Page MenuHomePhabricator

ASW single-point of failure for LVS VIPs at POPs
Open, MediumPublic

Description

Apologies if this has been raised before, I did a quick search and didn't find an old task. Obviously before too long we will address by introducing Liberica.

Problem

The issue is that in our current POP design - for instance in drmrs and esams - we have a single point of failure for traffic going to VIPs announced by the 'high-traffic1' LVS instances.

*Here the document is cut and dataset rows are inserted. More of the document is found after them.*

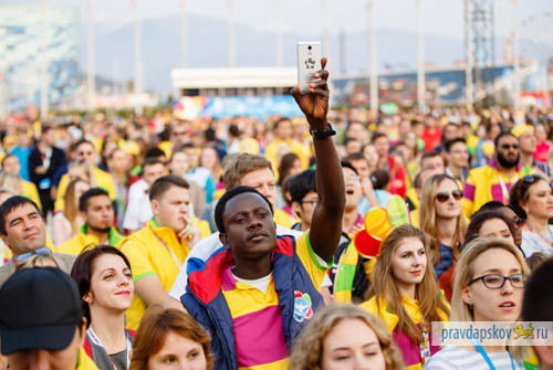 Псковские участники Всемирного фестиваля молодежи и студентов, проходившего в Сочи, в буквальном смысле прикоснулись к истории и стали ее частью. Где еще могут собраться сразу 25 тысяч человек из 150 стран, молодых, ярких, интересных, движимых жаждой сделать мир лучше. Ни внешность, ни национальность, ни культурные различия не стали барьером к общению. Псковская область направила на фестиваль 28 делегатов и 15 волонтеров.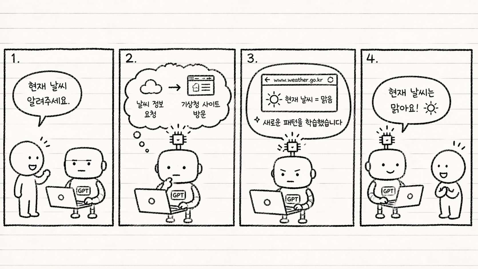 처음 ChatGPT가 나왔을 때는 인터넷에 있는 데이터만을 학습했기 때문에 "엄마와 아들의 채팅 패턴"이 가장 유사한 패턴이었습니다. 하지만 많은 사람들이 ChatGPT를 사용하면서 정확한 정보를 얻기 위해 "기상청 웹사이트에 접속해서 현재 날씨 알려줘"라는 프롬프트를 입력했고, 이 패턴 또한 다시 ChatGPT가 학습했습니다. 그리고 이 패턴이 "엄마와 아들의 채팅 패턴"보다 사용자에게 더 좋은 정보를 제공했다고 판단하여, 이제는 "기상청 사이트 접속 패턴"이 더 높은 확률로 나오게 되는 것이죠.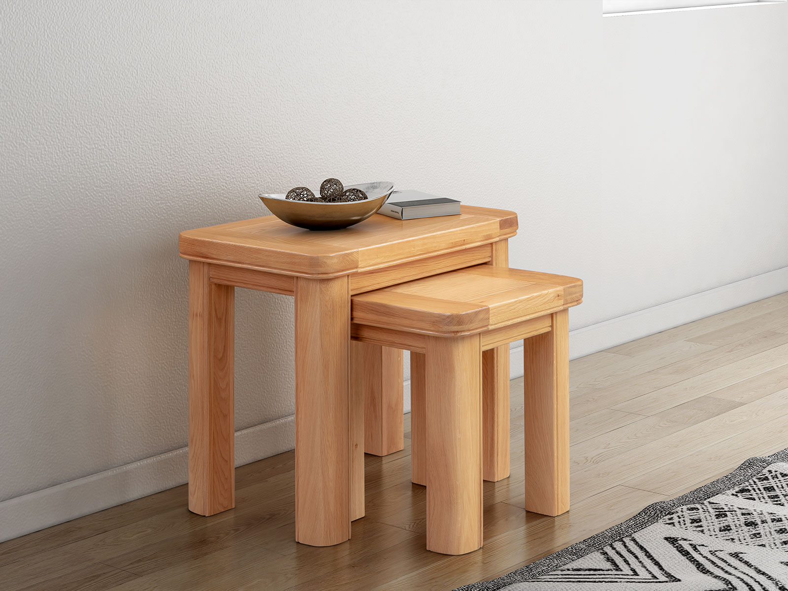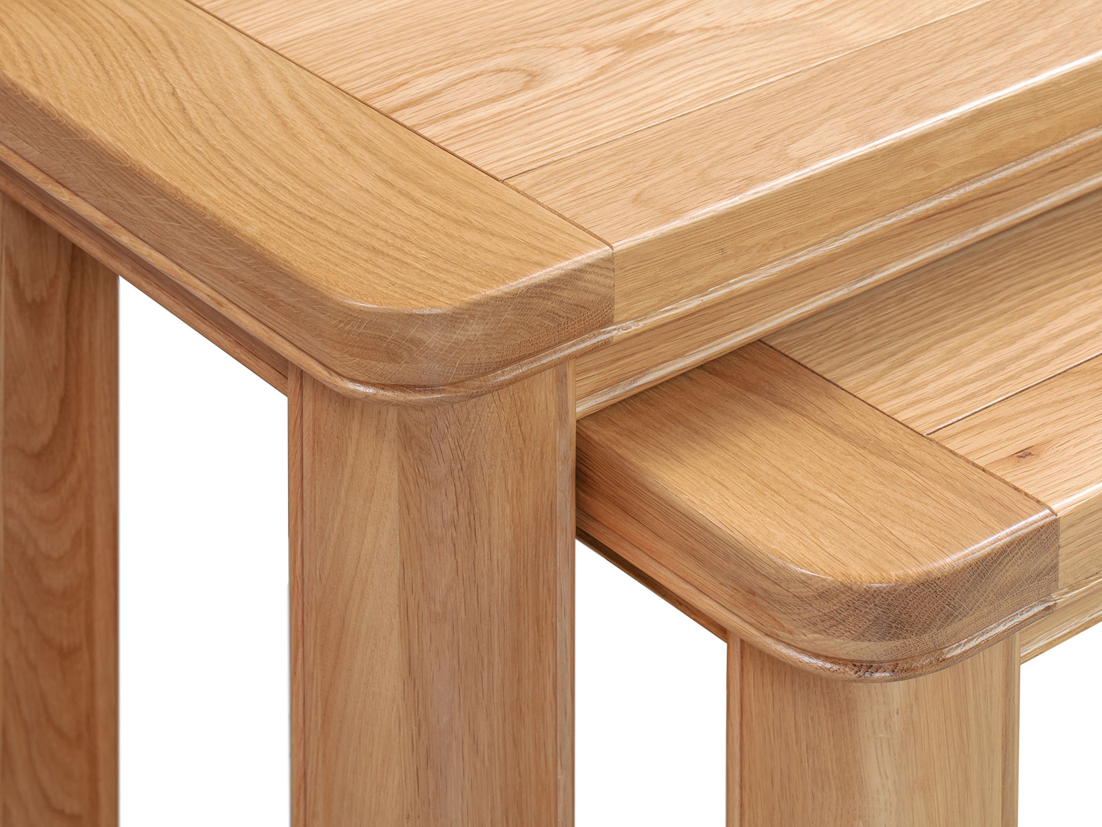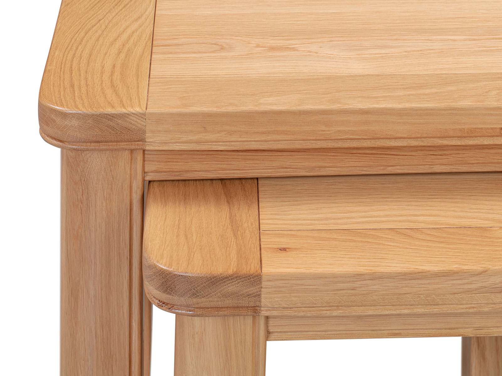 The Blenheim Oak Range of furniture is characterised by curved edges, classic moulding and a contemporary stainless steel handle. Blenheim Oak is finished in a natural colour with a clear lacquer.

For instance these are the servers set for this in our pops:

$lvs_class_hosts = {
    'high-traffic1' => $::realm ? {
        'production' => $::site ? {
            'esams' => [ 'lvs3008', 'lvs3010' ],
            'drmrs' => [ 'lvs6001', 'lvs6003' ],

In both cases the two servers configured for this traffic have primary interfaces (where BGP is done) connected to the same switch:

cmooney@asw1-bw27-esams> show configuration protocols bgp group PyBal | display set | match descr 
set protocols bgp group PyBal neighbor 10.80.0.3 description lvs3008
set protocols bgp group PyBal neighbor 10.80.0.2 description lvs3010
cmooney@asw1-b12-drmrs> show configuration protocols bgp group PyBal | display set | match descr 
set protocols bgp group PyBal neighbor 10.136.0.16 description lvs6001
set protocols bgp group PyBal neighbor 10.136.0.17 description lvs6003

So basically if the single switch fails all traffic to these important services will fail :(

Solutions

I'm not 100% sure what the best fix is here, traffic team I'm open to hearing suggestions. Two ideas that spring to mind are:

  1. Make the lvs servers also BGP peer with the other switch at the POP
    1. Each has a link to this for the back-end traffic to realservers in the other rack
    2. If we create BGP peerings to the other switch over this we protect against the first switch dying
    3. This may not be possible with PyBal of course, although it does dual-peerings to CRs elsewhere so maybe?
  2. Change the backup configuration somehow, so that for instance lvs3009 is the backup for lvs3008 VIPs
    1. Or make a 3-tier backup setup so that lvs3009 would take over as a last resort

Event Timeline

cmooney triaged this task as Medium priority.Wed, Apr 17, 11:55 AM
cmooney created this task.

Change #1020843 had a related patch set uploaded (by Cathal Mooney; author: Cathal Mooney):

[operations/homer/public@master] Add new BGP group for cross-rack PyBal peerings at L3 POPs

https://gerrit.wikimedia.org/r/1020843

Change #1020844 had a related patch set uploaded (by Cathal Mooney; author: Cathal Mooney):

[operations/puppet@production] Adjust LVS config in esams, drmrs to peer bit both ASWs

https://gerrit.wikimedia.org/r/1020844

I believe the two patches above, once merged, will add the required redundancy. Following option 1 above, creating backup peerings from the LVS hosts to the switch in the other rack.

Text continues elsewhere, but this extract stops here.